In the darkness, the duo stray onto a remote country track and are arrested by an Azerbaijani patrol. They are in Karabakh, in the middle of the war. The supposedly "cool" young men from Tbilisi have no idea what is going on. Their car and their money are seized and they are thrown into a cell already occupied by an Armenian prisoner.

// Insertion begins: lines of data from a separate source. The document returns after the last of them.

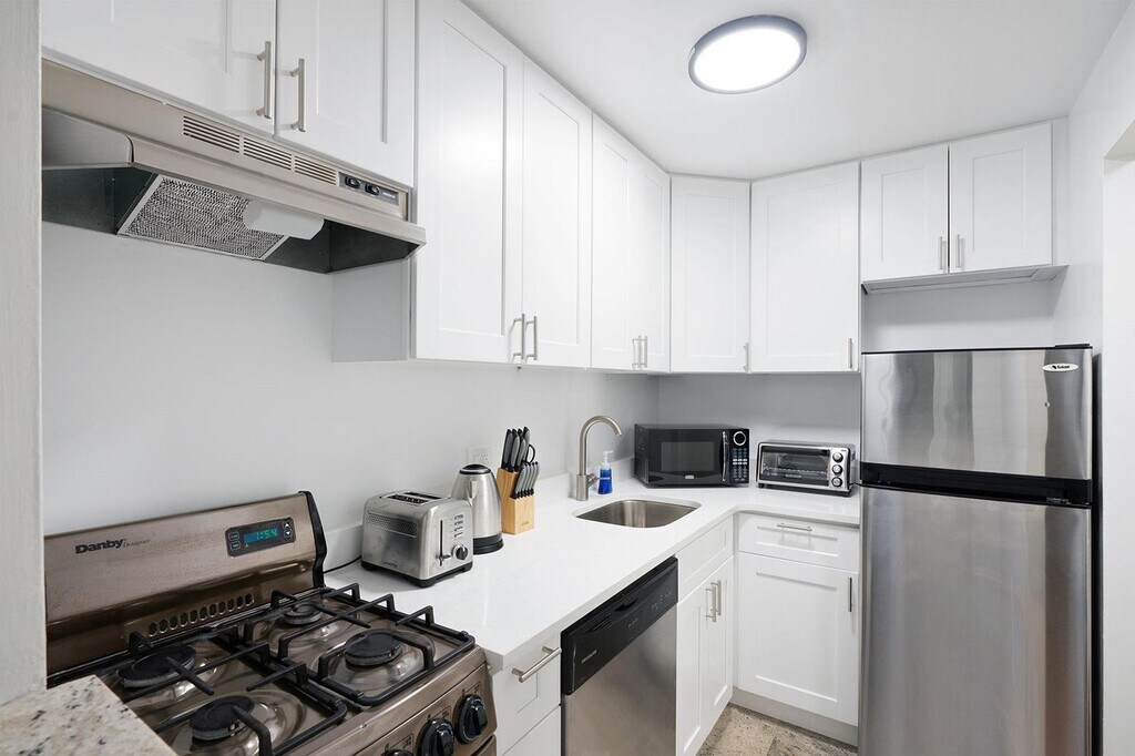 Start living in this contemporary 1-bedroom, 1-bathroom fully furnished apartment located on the 3rd floor of an elevator building. Feel at home with its sophisticated living room and bedroom, complemented by parquet wood flooring and spacious closets. The apartment features a fully equipped kitchen with modern finishes, including countertops, appliances, and a dishwasher. Enjoy meals at the dining table that seats four, and relax in the living room with a comfortable sofa and a flat-screen TV with basic channels. Wireless internet is also available for your convenience. The apartment includes access to wireless internet and a flat-screen TV with basic channels for entertainment. This apartment is ideally situated, offering easy access to local amenities and attractions. With its central location, you'll find everything you need within reach. A laptop computer is not included, and the apartment follows a no-smoking policy. The apartment is equipped with wireless internet, making it suitable for remote work-friendly set-up.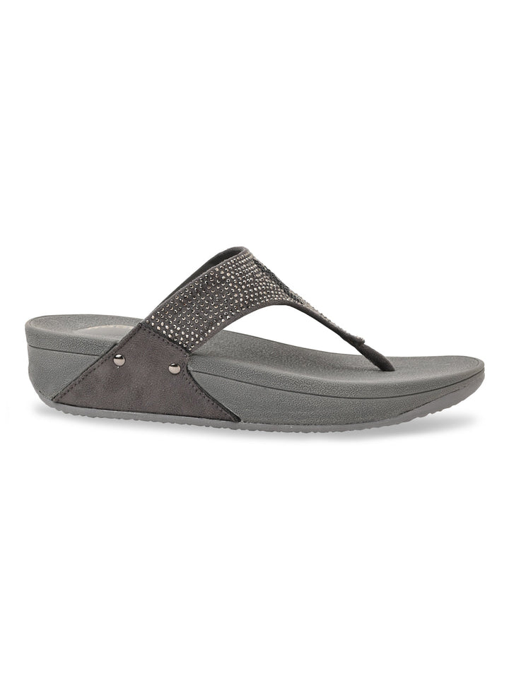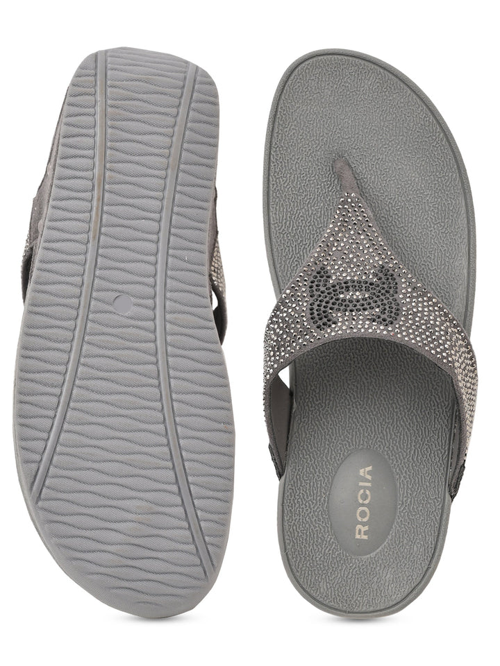 Shine all day in Rocia by Regal Grey Women Diamond Studded Comfort Wedges. These 2-inch synthetic wedge heels have TPR soles, slip-on closure, open round toes, and T-strap detailing, suited for casual summer elegance.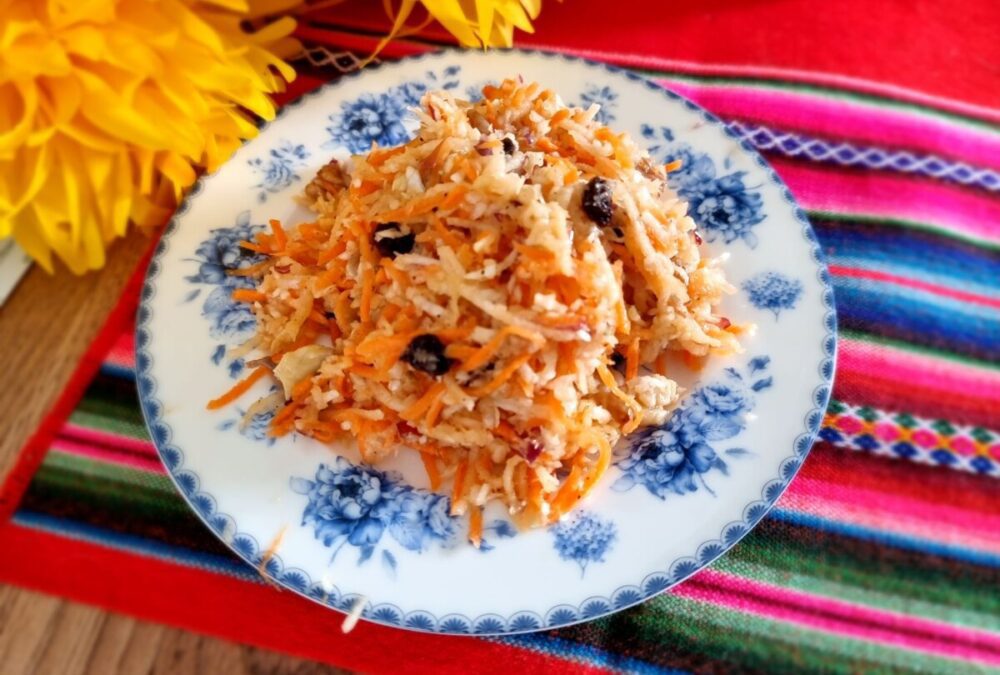 Wymyśliłam ją wczoraj, zrobiłam i okazała się pyszna! Potrzebny będzie kawałek białej kapusty, słodkie, soczyste jabłko, marchewka, czerwona cebula i garść rodzynek. Taka surówka świetnie pasuje do obiadu i może być równie dobrze samodzielnym daniem na lekki lunch albo kolację.

Events then unfold with lightning speed. Armenian fighters free their friend and the Georgians with him. Gio finds himself in an Armenian village where he is not mistreated but his every move is watched. When Russian journalists visit the village, Gio – along with two Azerbaijani prisoners and a Russian hostage – manages to flee and he makes his way safely back to the Azerbaijani base, where he is hailed a hero. His friend is still there and his purple Lada is still parked on the same spot. Only the money is gone. His friend is given a packet of drugs and a gun as compensation. Then they return to their old lives in Tbilisi.

==Translations==
The novel has been translated into several languages, including English, German, Italian, Russian and Ukrainian.